Néanmoins, il faut correctement « doser » la solitude. Il ne faut pas excéder dans cette diète ni lui échapper par peur. Certains exagèrent en voulant tout le temps être seuls pour bien s’occuper d’eux-mêmes parce que cela leur procurerait du bonheur. D’autres ont peur de la solitude. Ce sentiment leur ferait peur et leur paraîtrait comme une perte de temps dans une vie pourtant surchargée. C’est également un sentiment qui leur paraît difficile à vivre.

Les Anciens disaient pour cela « Μηδέν ἄγαν », ce qui signifie « rien de trop ». Depuis toujours, les philosophes réfléchissaient à la question et pensaient déjà que la surabondance (dans tous les cas) était nocive pour l’homme. Ils nous encourageaient  donc à trouver le juste milieu dans tout pour pouvoir vivre heureux. L’homme ne peut pas être entièrement seul, il est « naturellement pensé » pour communiquer, interagir, etc. La communication et les contacts sociaux sont donc importants pour la vie humaine. L’homme a besoin de se regarder dans le miroir que représentent pour lui les autres. Les contacts sociaux sont un test, un jeu amusant de vanité et de pouvoir. La solitude est une voie pour mieux savourer les moments de partage et de fraternité et pour affûter notre sensibilité, à ces instants. La solitude nous permet de nous préparer pour les contacts sociaux. Elle n’a donc pas pour unique vocation de nous rendre heureux.

Pour partager mon expérience personnelle, je vais raconter comment j’ai pu découvrir ces moments de recueil en soi. L’année passée, j’allais toutes les semaines à des cours de relaxation à l’école, sur le temps de midi avec Madame Jamotte. Les premières fois, cela n’a pas donné de réel effet, mais au fur et à mesure que les cours s’enchaînaient, cela a fini par donner son fruit – les séances se sont transformées en réels moments de détente.  Je n’ai pas eu peur de couper les communications pendant un temps de midi hebdomadaire. Au contraire, cela fait beaucoup de bien et venait pour équilibrer la tension pendant les cours.

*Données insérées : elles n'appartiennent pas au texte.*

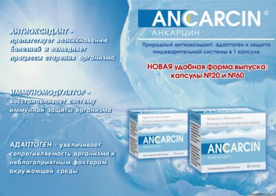 Анкарцин – біотехнологічний продукт-антиоксидант для базового очищення організму на клітинному рівні, відновлення обмінних процесів в клітинах і зниження ризику злоякісного переродження.
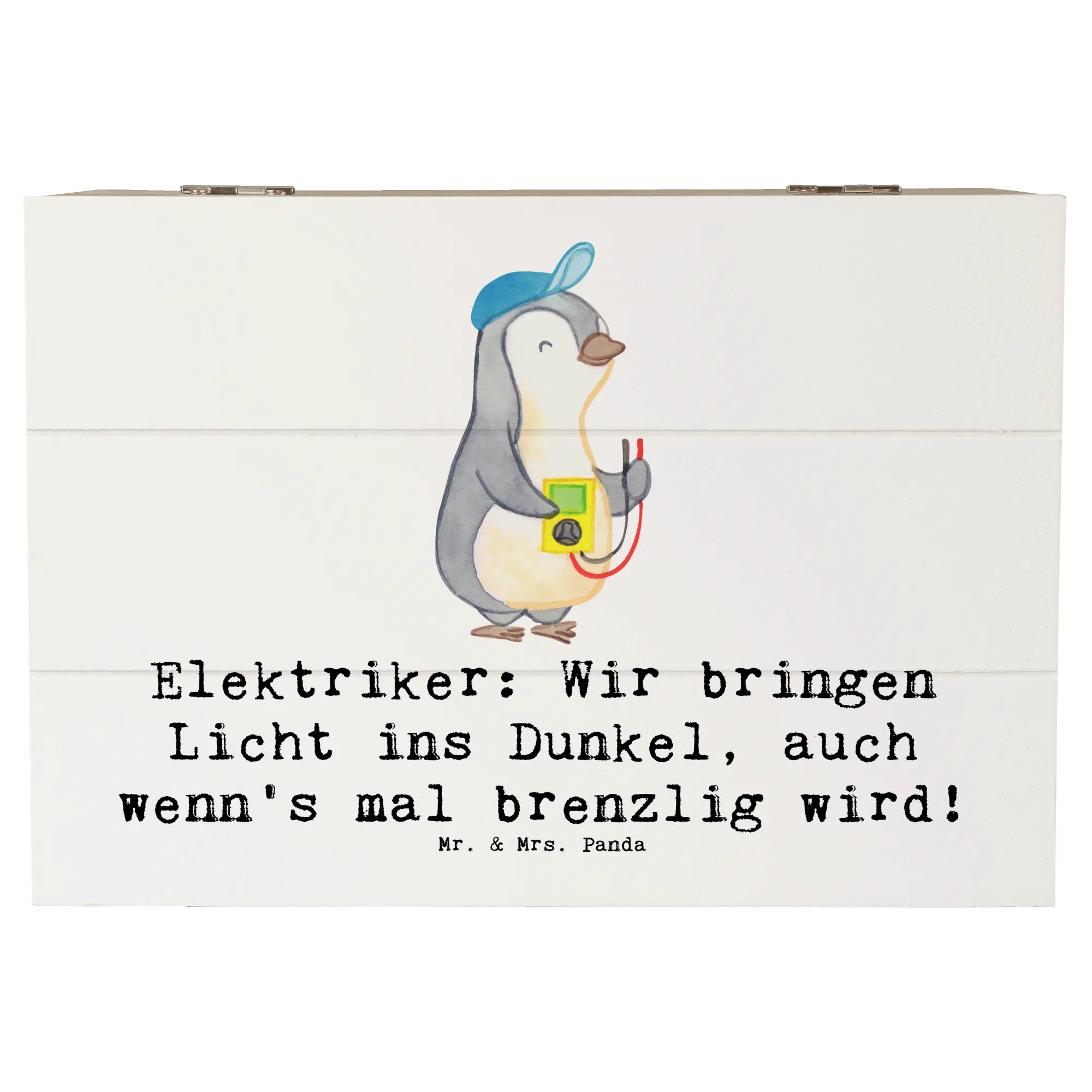 Die Holzkiste "Elektriker: Wir bringen Licht ins Dunkel, auch wenn's mal brenzlig wird!" von Mr. & Mrs. Panda ist der perfekte Begleiter für alle, die das Handwerk lieben und schätzen.

D’autre part, j’ai choisi de partager l’expérience d’un personnage, qui aurait vécu de réels moments de solitude: l’Homme au masque de fer. D’après certaines hypothèses, il aurait été le frère jumeau de Louis XIV. Incarcéré pendant 34 ans dans plusieurs prisons, il a été privé de toutes communications. Je me suis demandé comment il a dû faire pour préserver son esprit sain et combatif. Il aurait sûrement dû faire preuve de beaucoup d’imagination pour pouvoir se créer un monde semblable au réel, et continuer à suivre les jours, les saisons, les années. Il serait mort le 19 novembre 1703, à la prison de la Bastille. Seul. Beaucoup de gens meurent par chagrin ou par sentiment d’abandon, ce qui a sûrement dû être son cas. La solitude a dû contribuer plus à sa mort que les conditions de vie précaires de la prison (manque d’hygiène, mauvais traitements, nourriture infecte, etc.). Le geste de cloîtrer ou d’isoler quelqu’un, n’est pas seulement un geste de punition, mais aussi d’élimination (physique et psychique). On doit être conscient que l’isolation inflige des souffrances profondes à l’âme qui brisent après le corps des personnes mises en isolation. Voilà pourquoi, notre société moderne admet l’emprisonnement mais réfléchit aussi sur les éléments qui peuvent adoucir la solitude d’une telle punition. 

 

Aristote a dit que l’homme était un «  ζώον πολιτικόν », un animal social. L’homme fuit la solitude naturellement. Chercher des amis, vivre en couple est vital dans tous les sens du terme. Si on nous coupe le contact, on devient malade. Cette maladie se développe, bien entendu, différemment, mais tout être humain en est atteint. Qu’il lutte ou pas, qu’il le montre ou pas, qu’il s’en sorte ou pas. 

Trouver l’équilibre entre la vie sociale bénéfique et les moments des « visites en soi » serait sans doute la recette pour un être humain heureux.